Erkeklerin ve kadınların fizyolojisinin özellikleri önemli ölçüde farklılık gösterir. Uzun yıllardır sadece tıp bilimcileri tarafından değil, aynı zamanda psikoloji alanındaki uzmanlar tarafından da karşılaştırılmıştır. Dolayısıyla, psikoloji üzerine en iyi kitaplardan biri olan "Erkekler Mars'tan, kadınlar Venüs'ten" bu iki organizmanın tamamen farklı olduğu konusunda ısrar ediyor. Bunu daha fazla anlamaya çalışacağız.
Erkek ve kadınların hormonal sisteminin özellikleri
Kim daha hızlı yaşlanır, kadın mı erkek mi? Başka bir deyişle, hormonların erkekleri ve kadınları kontrol ettiğini anlamalısınız. Vücuttaki tüm organ ve sistemlerle doğrudan bağlantılıdırlar. Cilt dahil. Durumu özellikle seks hormonlarının aktivitesine bağlıdır. Ergenlik döneminden itibaren erkek ve kız çocukları belirli cinsel özellikler gösterirler. Bu dönemde seks hormonları aktif olarak üretilmeye başlar.
Erkek hormonu testosterondur, güçten, bir erkeğin görünümünden sorumludur,karakterinin yanı sıra cildin görünümü ve durumu. Kadın vücudundaki ana hormon östrojendir.
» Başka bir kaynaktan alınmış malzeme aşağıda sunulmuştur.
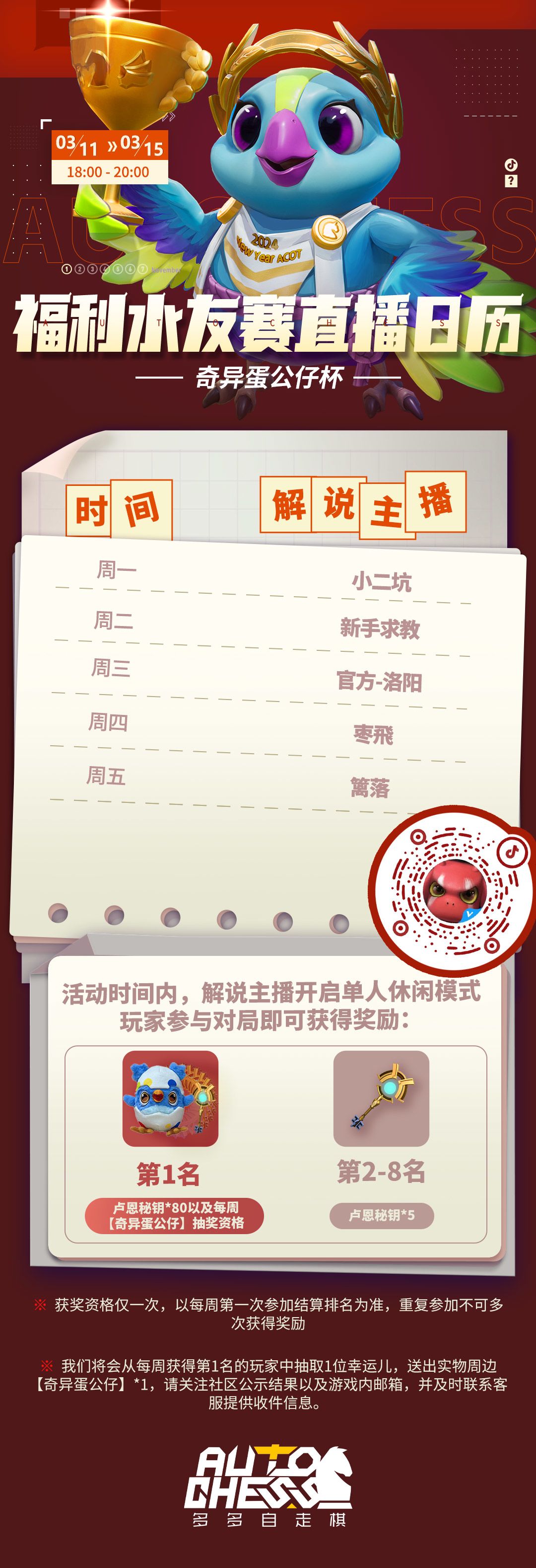 直播日历丨奇异蛋公仔杯水友赛

Cildin yumuşaklığından ve elastikiyetinden sorumludur. Zamanla, bir kadının vücudundaki bu hormonun seviyesi azalır, bu da cildin elastikiyetini ve hassasiyetini kaybetmesine neden olur. Bu bize, kimin bir erkekten veya bir kadından daha hızlı yaşlandığı sorusuna kısmi bir cevap verir.
Erkeklerde yaşlanma sırasında cilt durumu
Testosteron hormonu erkeklerde cildin yaşlanmasını uzun süre geciktirir. Erkeklerin derisi bu hormon sayesinde daha uzun süre elastik kalır. Ancak bu olursa, kırışıklıklar kadınlardan daha az fark edilir. Ciltteki kırışıklıklar ve erkek vücudundaki yaşlılık lekeleri dikkatli bir bakım ve özel bir yaklaşım gerektirir.
Ancak buna rağmen erkeklerin ortalama yaşam süresi kadınlardan daha düşüktür.
Erkek cildi, kadınlardan farklı olarak rosacea'ya daha yatkındır, hafif mavi bir renk alırken, patoloji 40-45 yaşından sonra daha belirgin hale gelir. 50 yaşından itibaren, testosteron hormonu vücut tarafından daha düşük bir yoğunlukta üretilir. Bu, iki tip bezin çalışmasını belirgin şekilde etkiler: ter ve yağ. Sonuç olarak, erkek cildi incelir. Yüzde özellikle burun kanatlarında kılcal damarlar görülür.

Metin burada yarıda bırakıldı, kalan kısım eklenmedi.